↓
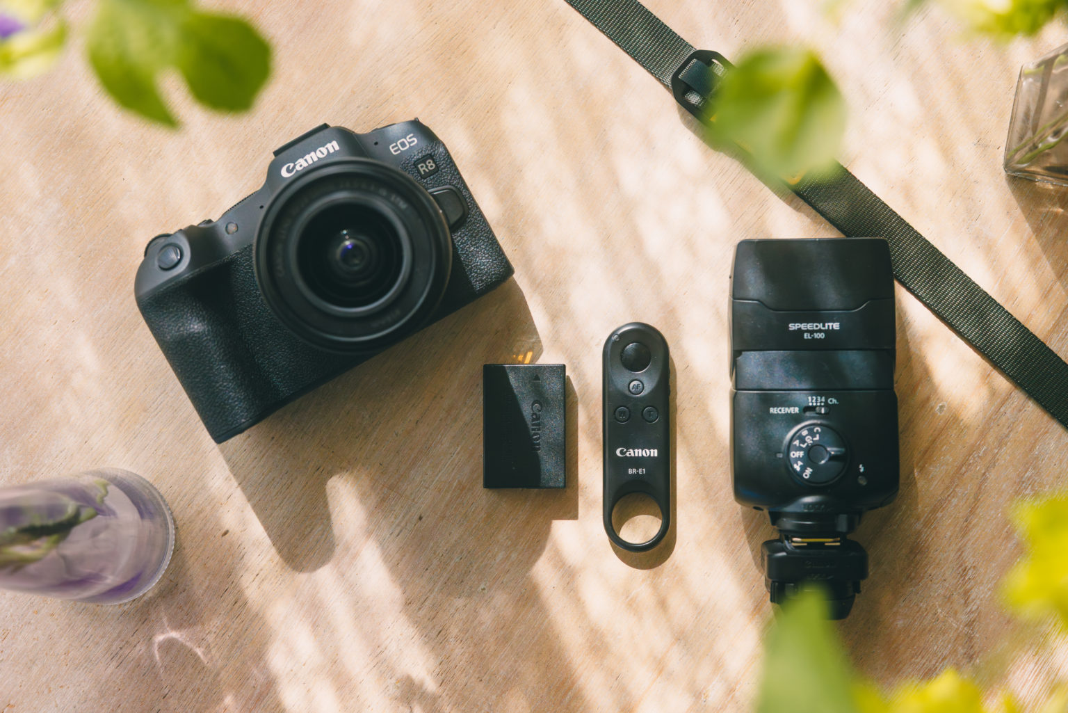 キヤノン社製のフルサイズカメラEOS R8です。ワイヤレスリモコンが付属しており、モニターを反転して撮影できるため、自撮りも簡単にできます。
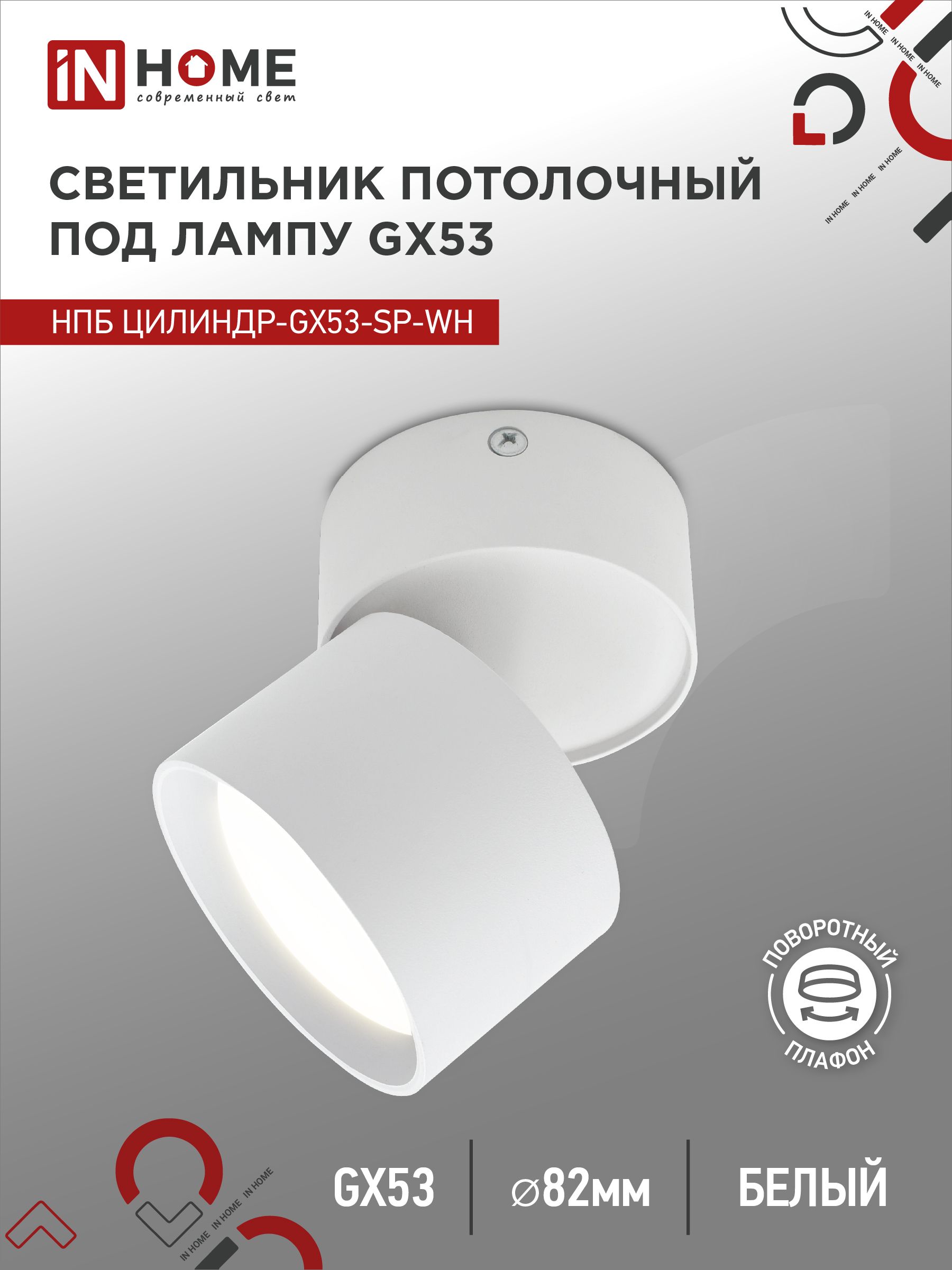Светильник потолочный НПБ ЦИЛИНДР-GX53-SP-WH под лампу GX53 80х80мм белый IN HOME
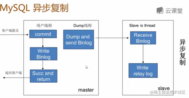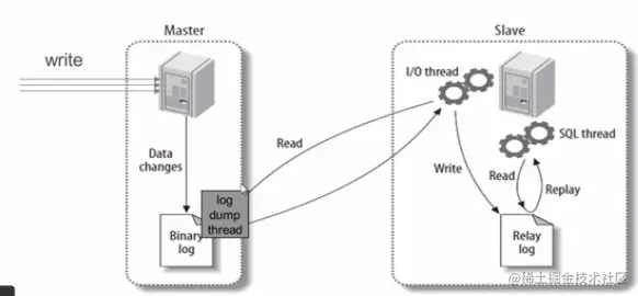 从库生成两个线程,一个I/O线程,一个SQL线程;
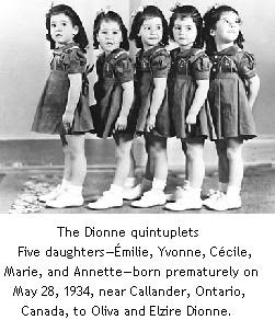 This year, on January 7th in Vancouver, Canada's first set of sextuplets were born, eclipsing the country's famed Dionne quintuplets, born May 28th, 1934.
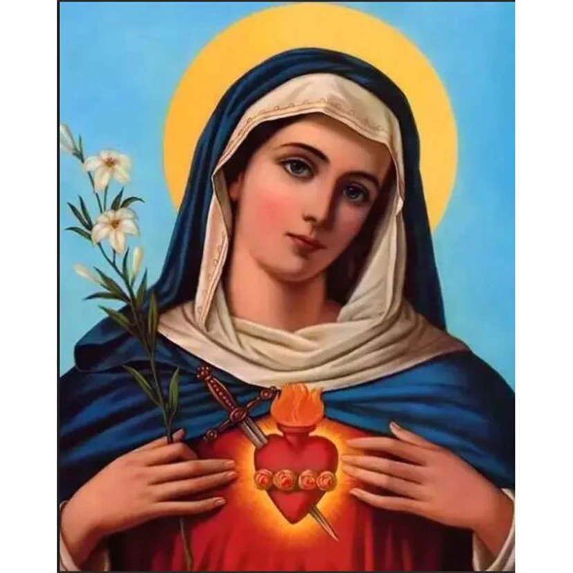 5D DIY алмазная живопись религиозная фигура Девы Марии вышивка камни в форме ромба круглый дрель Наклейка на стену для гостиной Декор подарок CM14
↑
↓
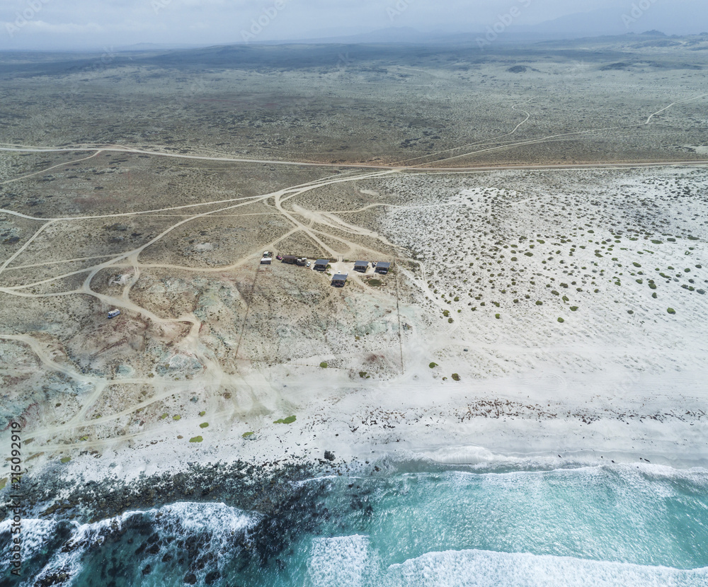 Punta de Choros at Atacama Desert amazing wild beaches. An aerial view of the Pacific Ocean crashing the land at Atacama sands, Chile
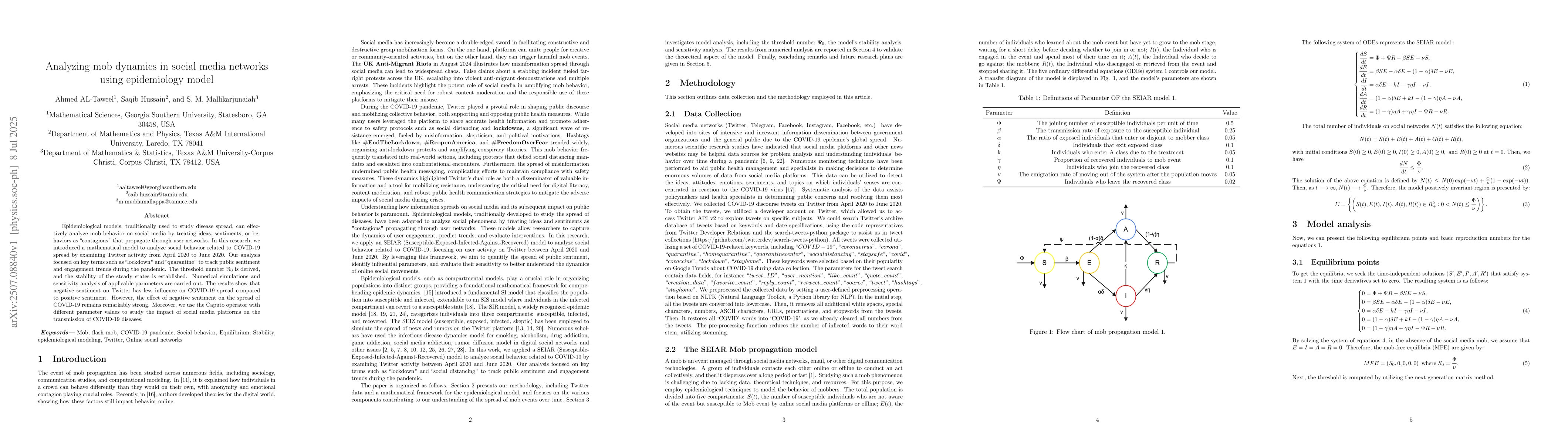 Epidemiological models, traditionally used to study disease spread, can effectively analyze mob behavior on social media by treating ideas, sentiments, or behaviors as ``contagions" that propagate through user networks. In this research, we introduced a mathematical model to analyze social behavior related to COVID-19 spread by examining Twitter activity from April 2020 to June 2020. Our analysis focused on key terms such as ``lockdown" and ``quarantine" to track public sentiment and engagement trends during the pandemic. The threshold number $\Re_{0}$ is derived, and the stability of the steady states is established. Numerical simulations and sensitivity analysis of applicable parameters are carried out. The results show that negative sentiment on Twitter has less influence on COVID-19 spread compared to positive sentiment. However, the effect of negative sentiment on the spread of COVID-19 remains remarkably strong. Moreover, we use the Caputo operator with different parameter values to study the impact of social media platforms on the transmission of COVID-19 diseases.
↑
↓
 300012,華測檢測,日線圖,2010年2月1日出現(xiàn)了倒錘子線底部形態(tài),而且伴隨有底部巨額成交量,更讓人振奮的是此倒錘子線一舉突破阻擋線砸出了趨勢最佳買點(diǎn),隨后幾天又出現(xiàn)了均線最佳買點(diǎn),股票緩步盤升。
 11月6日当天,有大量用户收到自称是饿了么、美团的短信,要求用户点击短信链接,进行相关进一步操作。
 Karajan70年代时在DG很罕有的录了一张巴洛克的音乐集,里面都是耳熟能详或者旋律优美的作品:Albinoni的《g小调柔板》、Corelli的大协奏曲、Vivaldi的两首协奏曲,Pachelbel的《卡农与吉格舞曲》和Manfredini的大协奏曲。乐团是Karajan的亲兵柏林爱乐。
↑
- _TASK DETAILS_:
In the records above, find the line containing "This year, on" and the line containing "5D DIY алмазная", then give both of them again word for word along with every line between. Omit any pictures.

- _SOLUTION FOR THIS PROBLEM_:
 This year, on January 7th in Vancouver, Canada's first set of sextuplets were born, eclipsing the country's famed Dionne quintuplets, born May 28th, 1934.
 5D DIY алмазная живопись религиозная фигура Девы Марии вышивка камни в форме ромба круглый дрель Наклейка на стену для гостиной Декор подарок CM14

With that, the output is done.